The mole is one of the central concepts in Stoichiometry. We will see it come up time and time again. A mole refers to a specific number of molecules: Avogadro's number or 6.02 x 10²³ molecules. A mole is analogous to a dozen in that both refer to a specific number of items.

A dozen eggs is 12 eggs. A dozen cars is 12 cars. A dozen water molecules is 12 molecules.

A mole of eggs would be 6.02x10²³ eggs, which is so many eggs it would never arise in everyday life. But a mole of water molecules, or 6.02x10²³ water molecules,is about the amount in a small test tube of water. Just as the dozen is a useful quantity for counting eggs, the mole is a useful quantity for counting molecules.

The mole allows us to connect the macroscopic world, where we all live, to the molecular scale, where chemistry occurs.

On the macroscopic scale, we think in terms of grams of a substance.

On the molecular scale, we think in terms of numbers of molecules, in moles. If a substance is in solution, we use molarity, which is moles per liter.

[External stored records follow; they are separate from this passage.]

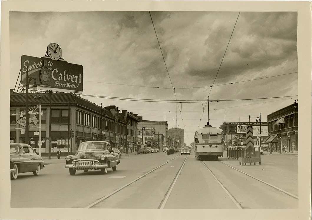 Favorite this☆ Traffic on Woodward Avenue Description: View of cars, streetcar and commercial buildings on Woodward Ave. Billboard and clock for Calvert whiskey on left. Billboard reads: "Switch to Calvert, tastes better!" Details Resource ID: bh029396 Subject: Woodward Avenue (Mich.) Streets--Michigan--Detroit Commercial buildings--Michigan--Detroit Automobiles--Michigan--Detroit Streetcars (Cable cars)--Michigan--Detroit Billboards--Michigan--Detroit Clocks and watches--Michigan--Detroit Advertising--Alcoholic beverages Photographic prints Date Issued: Unknown year in the decade of the 1950s Format: 1 photographic print ; 5 x 7 in. Member of: Burton Historical Collection Filing Location: D/Streets-Woodward, 1950s Rights: Physical rights are retained by DPL. Copyright is retained in accordance with U.S. copyright laws.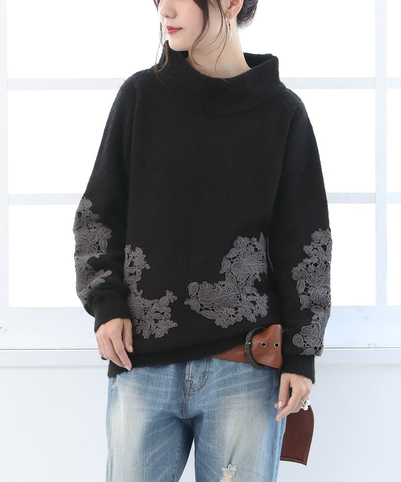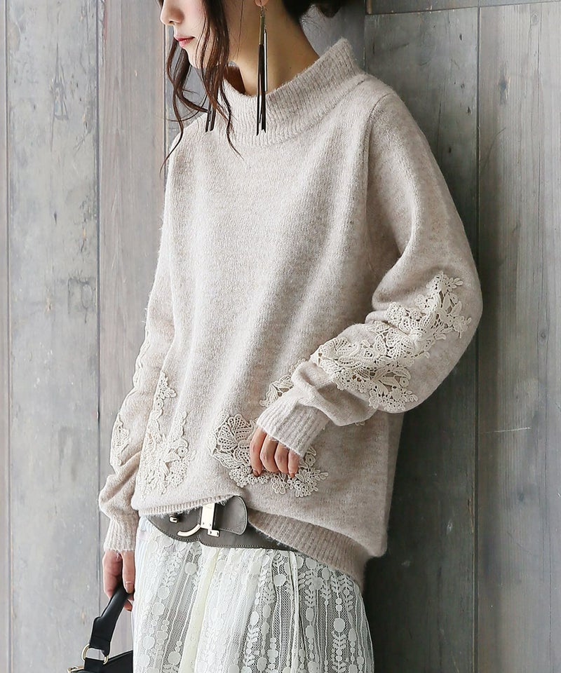 シンプルニットにさり気なく華を添えるのは、大人女子の心を掴むモチーフレース。大きめスタンドネックが顔周りを華奢に魅せ、デイリーコーデに女性らしさをプラスします。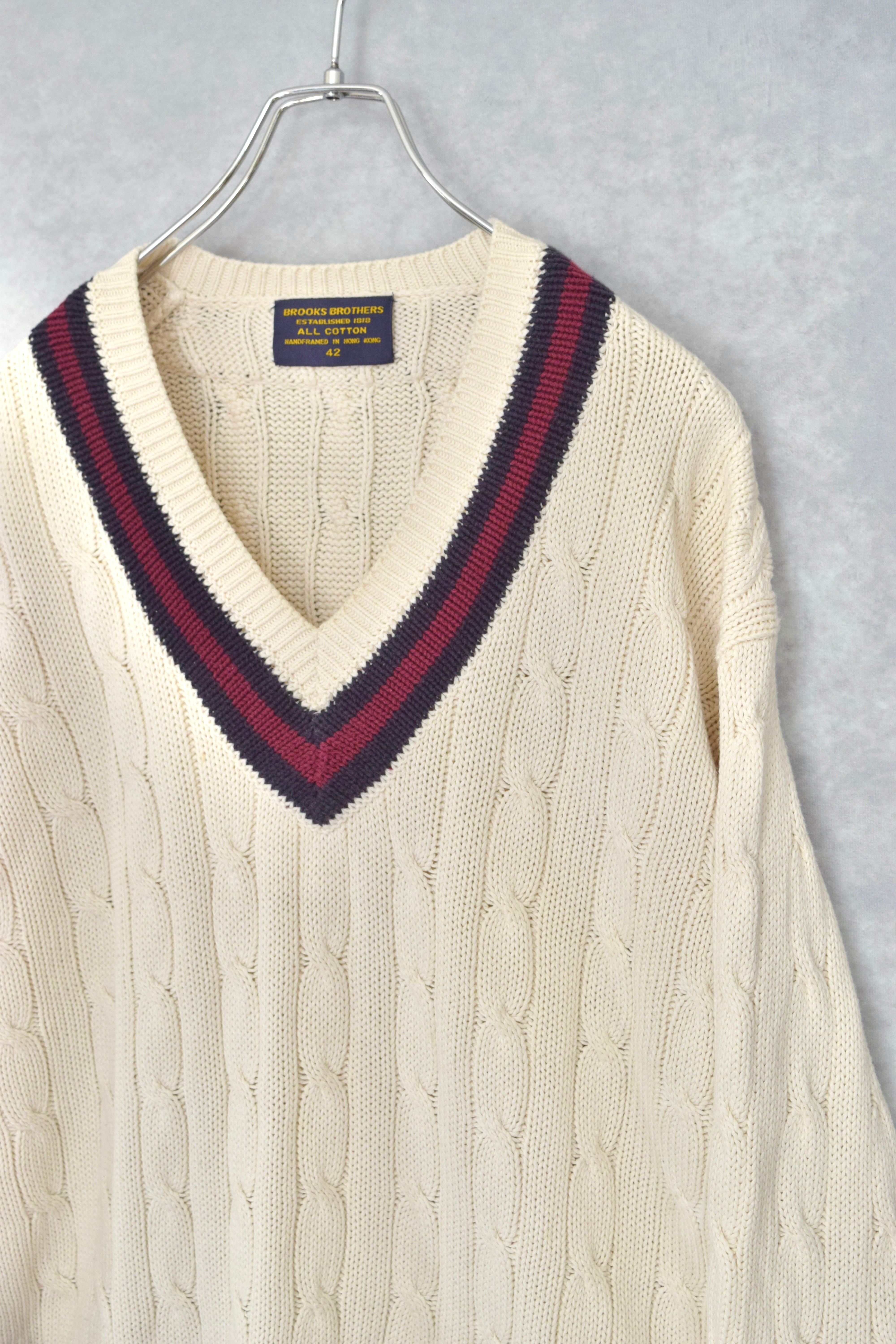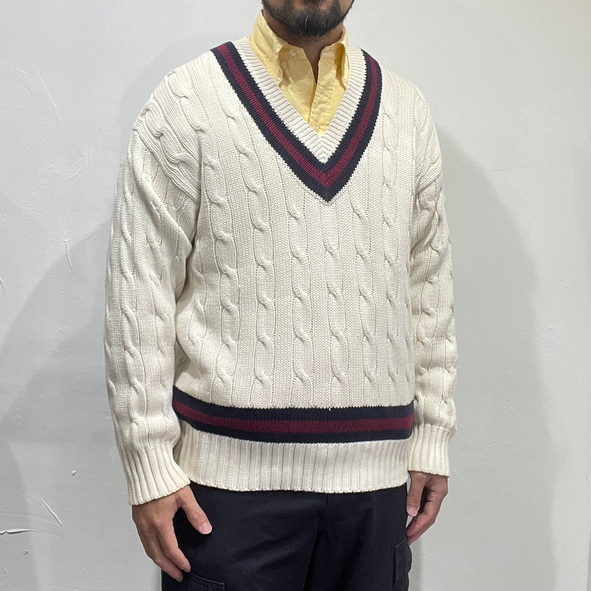 ホワイトのケーブルあみのボディに首元と裾にはネイビーとワインレッドのライン。

To connect between the macroscopic and molecular scale, we use the molecular weight.

The molecular weight is the number of grams per mole of a substance. This allows us to go back and forth between the amount of substance expressed in grams and the amount of substance expressed in number of molecules as in moles.

So where is this useful?

When we weigh out a certain number of grams of a substance, we are working at the macroscopic scale. If we then perform a chemical reaction, that reaction occurs at the molecular scale. For instance, in the reaction: [see figure below]

one molecule of oxygen reacts with two molecules of hydrogen to produce two molecules of water. So if we want to understand how much oxygen or hydrogen will be consumed in a reaction, or how much water will be produced, we need to think in terms of the number of molecules of oxygen, hydrogen and water. But in the laboratory, we must deal with grams of hydrogen, oxygen and water. The molecular weight is the key to going back and forth between the macroscopic scale, where we weigh things, and the microscopic scale, where molecules react with one another.

Another place where the mole is useful is when you know the number of molecules and need to find the weight. For example, chemists will often shine light on a sample and see how much light it absorbs. From this, they can obtain the number of molecules.

To simulate this in this course module, we will be using the virtual lab, which will show the moles or molarity directly.

This is a simpler experiment than the ones chemists actually do, because the virtual lab gives us the moles or molarity directly, while chemists would need to shine light on the sample and from that derive the moles or molarity. But the virtual lab is similar to the more complex experiments, since both give the number of molecules and we must use the molecular weight to relate this to the mass of the substance.